First, just having an explanatory book by a researcher who understands Alzheimer's disease science to this extent is appreciated. It broadly explains the story of Alzheimer's disease research that should be noted, including how APOE gene is a risk factor for onset, and how inflammation in the brain was a promising hypothesis but failed in clinical trials. Of course, including the recent Lecanemab.
However, to put it bluntly, the author is an extreme anti-amyloid β hypothesis theorist, so throughout there's tremendous critical perspective toward the opposing research group. This stems from experiences like being told by grant reviewers "if it's not amyloid research, it's not Alzheimer's disease research," so I can understand becoming anti... but still, I found it too persistent.
Also, being a translated book, it inevitably has the persistent repetition characteristic of Western books and somewhat awkward translation, making it not the easiest read.
That said, reading it while thinking there's probably considerable bias makes it a good book for understanding the history of Alzheimer's disease research. Essential if you want to know about Alzheimer's disease.
###The Best Study Methods Based on Scientific Evidence
There are mountains of study method books, but this one was displayed prominently at bookstores so I was curious.
Right when I was reading this book, I was frustrated about not being able to do input as I wanted, so I read it along with the next book "How to Read Technical Books" seeking input methods.
This book is a published version of a video by U.S. internal medicine specialist Kosuke Yasukawa that has 3.55 million views on YouTube (as of August 2024). As the title suggests, it presents multiple pieces of research evidence and logically explains in an easy-to-understand manner how classic study methods like "copying the textbook verbatim" are inefficient.
What this book particularly emphasizes is repeated learning and active recall. It's well known that learning is retained through regular review, but using research examples, it introduces methods like "first repetition after X weeks, second time after..." Active recall is a method of trying hard to remember with minimal hints, like doing your best to remember without looking at anything on a crowded train.
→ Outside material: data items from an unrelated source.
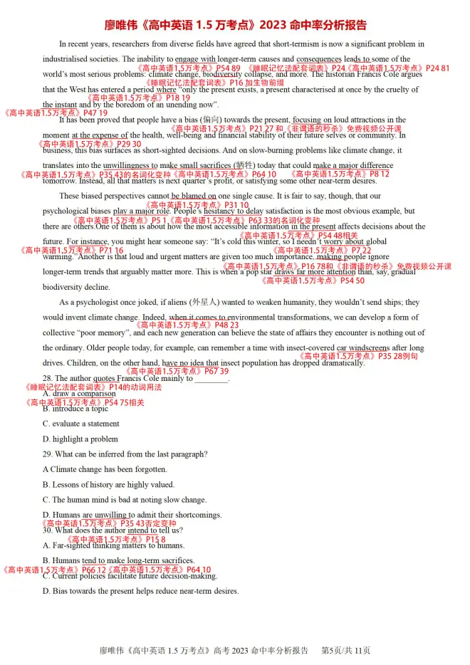 全文一共出现25处词组短语和固定用法类的要点,《高中英语1.5万考点》全部命中。难词偏词3处,见于《睡眠记忆法配套词表》。
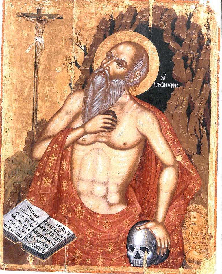 ΑΓΙΟΣ ΙΕΡΩΝΥΜΟΣ - 2Fericitul Ieronim, născut Sophronius Eusebius Hieronymus, (n. cca. 347, Stridon, azi Strigova, Croația – d. 30 septembrie 420, Betleem, în Palestina), a fost un important teolog creștin, considerat unul din cei patru părinți ai Bisericii de Apus, doctor al Bisericii.
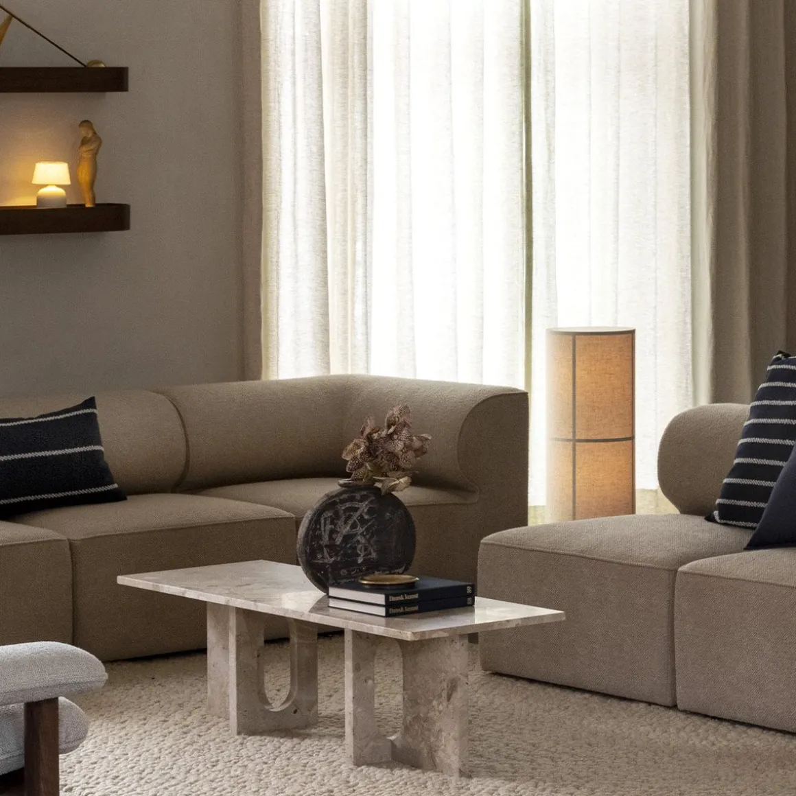 S’élevant majestueusement du sol, la silhouette cylindrique de l’itération du lampadaire Hashira est combinée avec des éléments d’abat-jour en textile occidental pour donner au design une sensation familière. L’abat-jour en tissu translucide agit non seulement comme un diffuseur, projetant la lumière dans plusieurs directions tout en créant une ambiance chaleureuse et sans éblouissement, il ajoute également un attrait palpable qui améliore la douceur d’un intérieur – acoustiquement et tactilement.
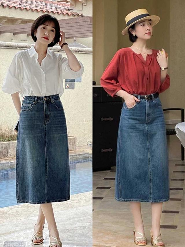 夏天可以选择的裙装太多了吧,你们也可以尝试用牛仔半身裙凹造型,这会比一般的薄纱或雪纺裙装看上去更个性,就像博主用这种衬衫配上牛仔材质的裙装,看上去特别洋气,也很简单,然后再通过用塞衣角的方式打造出纤细的腰线,怎么看都很洋气。接着搭配上一双高跟鞋更能够诠释出女人味,想要增高显瘦的你一定要试试。
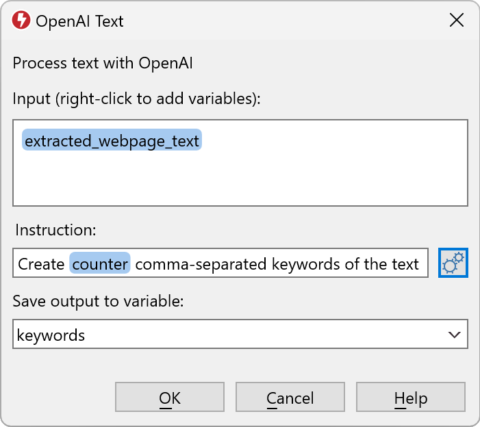Macro Recorder can capture any text from the clipboard, a webpage, a file, or read it from the screen using on-screen text recognition and process it with AI.
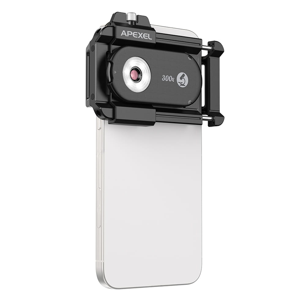 Mikroskop do telefonu Apexel APL-MS300 to miniaturowy obiektyw, umożliwiający rejestrowanie najdrobniejszych szczegółów w dużym powiększeniu. Jego układ optyczny, oparty na 4 elementach w 4 grupach, oferuje przybliżenie rzędu 300x. Wbudowany filtr polaryzacyjny (CPL) redukuje odblaski, ułatwiając prowadzenie precyzyjnych obserwacji, szczególnie roślin czy owadów.
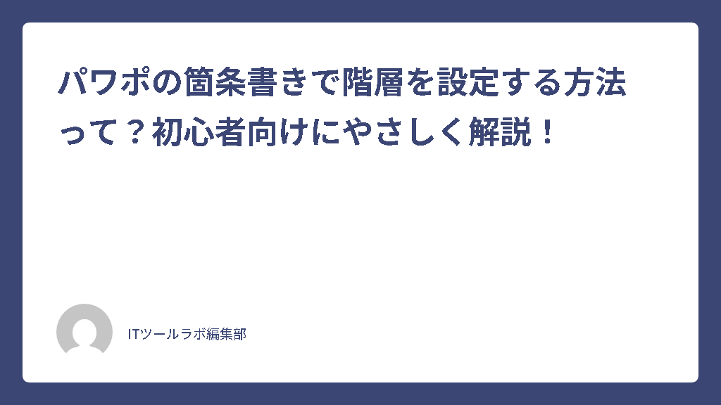 プレゼンテーション資料を作成する際、情報の整理は非常に重要です。特にパワーポイントで箇条書きを使う場面は多いものですが、ただ項目を並べるだけでは伝わりにくいこともあります。そんなときに役立つのが「階層」の設定です。情報の親子関係を明確にすることで、読み手にとってストレスなく理解できるスライドに仕上がります。パワポの箇条書きで階層を使いこなすことができれば、資料のクオリティはグッと高まるでしょう。この記事では、初心者の方でも簡単に実践できる階層設定の方法や、うまくいかないときの対処法について詳しく解説していきます。ぜひ最後まで読み進めてみてください。
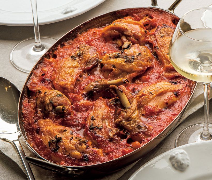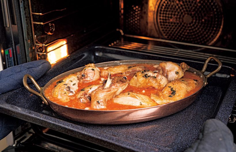 (5)(4)の上に(3)の鶏肉を皮目を上にして並べ(下写真参照)、200度のオーブンで25〜30分焼き、熱々をテーブルへ運ぶ。
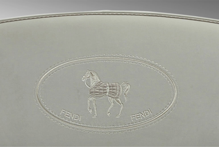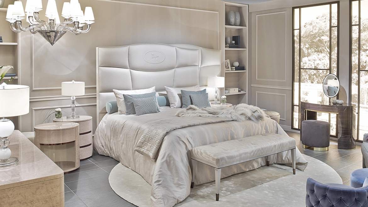 Sumptuous volumes and important dimensions for the new George bed caratherizied by its imposing headboard, finely handcrafted with motif made up of irregular squares arranged in a linear pattern. The soft upholstery is enhanced in the central part by the iconic Villa Borghese embroidery.
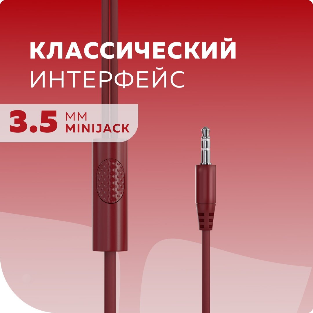 10 цен на Наушники вакуумные AUX разъём с микрофоном без регулятора громкости длина 1.1м More Choice G38 Red
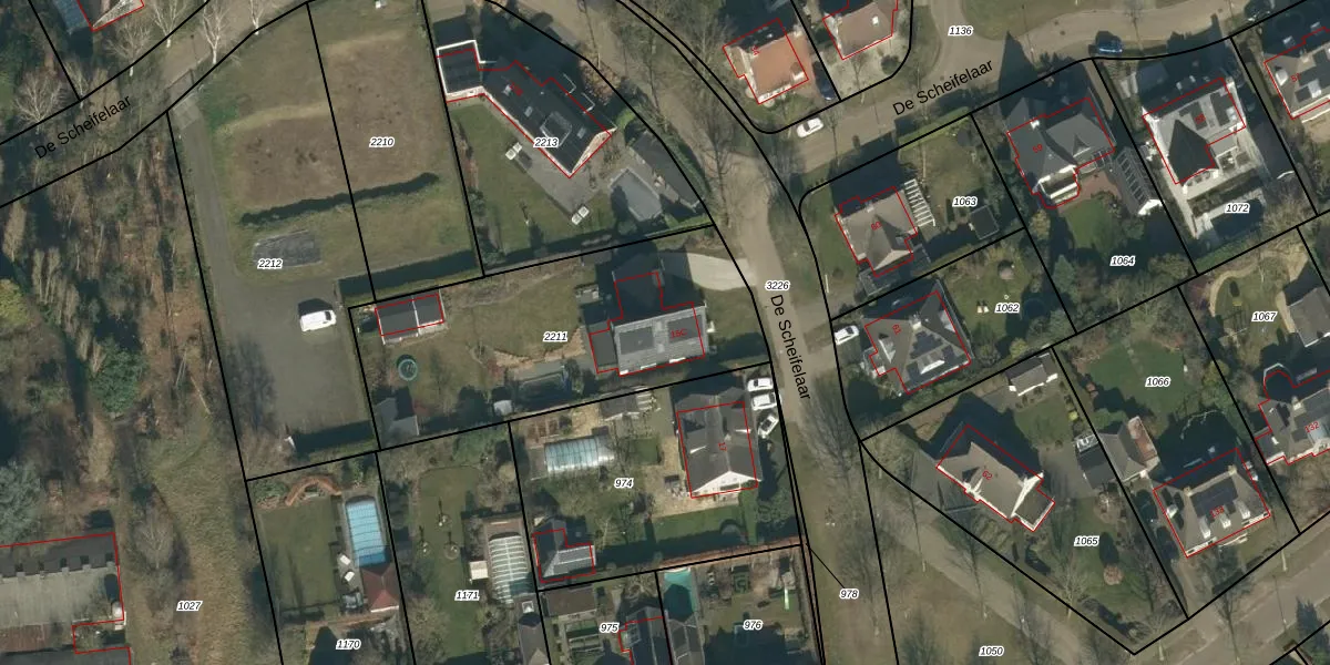 Het perceel waarop De Scheifelaar 15-C staat heeft een oppervlakte van 1297 m². Dit is een zeer groot perceel. De perceeloppervlakte wordt geregistreerd door het Kadaster. Gedetailleerde informatie over de maten van dit perceel kunt u vinden in het rapport Kadastrale kaart met maatvoering van De Scheifelaar 15-C.
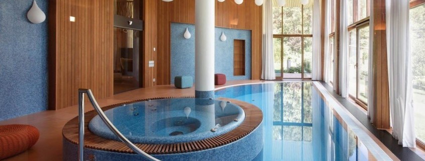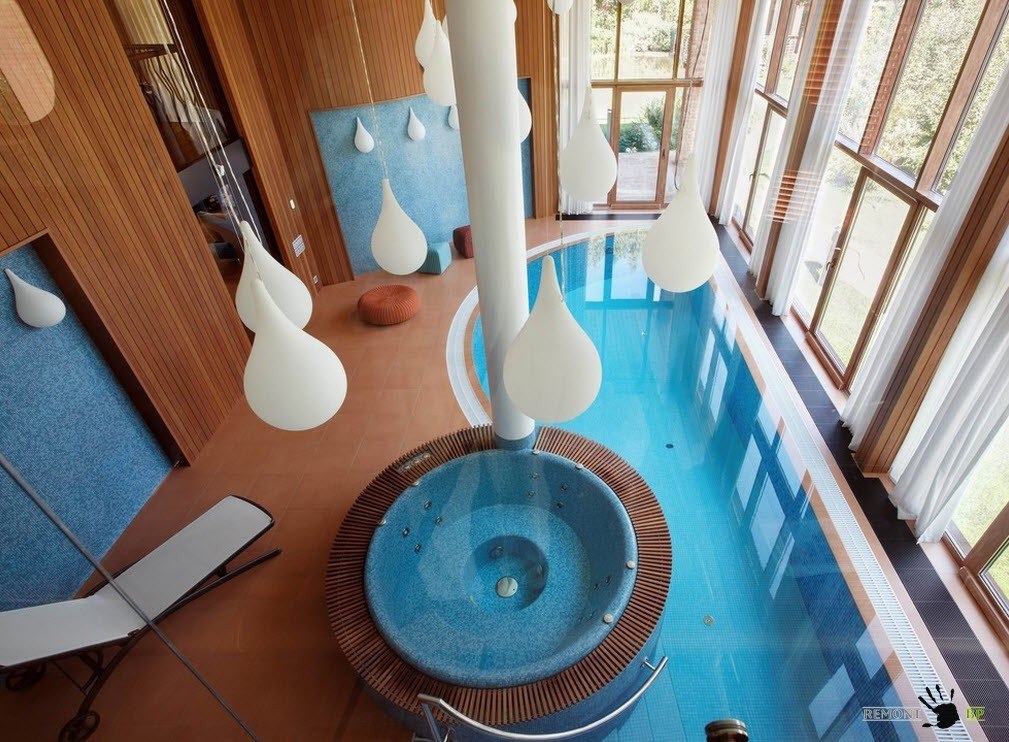Белоснежные светильники, свисающие как капли воды и такого же оттенка тонкий текстиль в оформлении панорамных окон, добавили атмосфере помещения нарядности, приподнятого настроения, легкости и позитива. И даже здесь тема окружности актуальна – джакузи и полукруглые формы некоторой части бассейна.

Apparently, stressing the brain helps memory retention. Seems like it might be good for Alzheimer's prevention too.
If you need to do a substantial amount of studying for university entrance exams or some certification, I think you should definitely read this book. It's very light reading so anyone should find it accessible. Highly recommended.
###"How to Read Technical Books"
This book had also been a topic of discussion for a while and I was curious. I accidentally bought it both on Kindle and as a physical book because I had too many unread books. As mentioned below, it has many diagrams and photos and is a graphical book, so the physical version is recommended.
While the content is specialized for "technical books," I personally think it's a masterpiece that explains reading methods that apply to all books. I hope people who aren't good at reading will also read it. You'll fly.
What was particularly impressive about this book was "you don't have to try to read the whole book." With technical books, you often have specific information you want before reading, and it's totally fine to skim and read only those specific parts for information collection purposes. Knowing this really lowers the barrier to reading.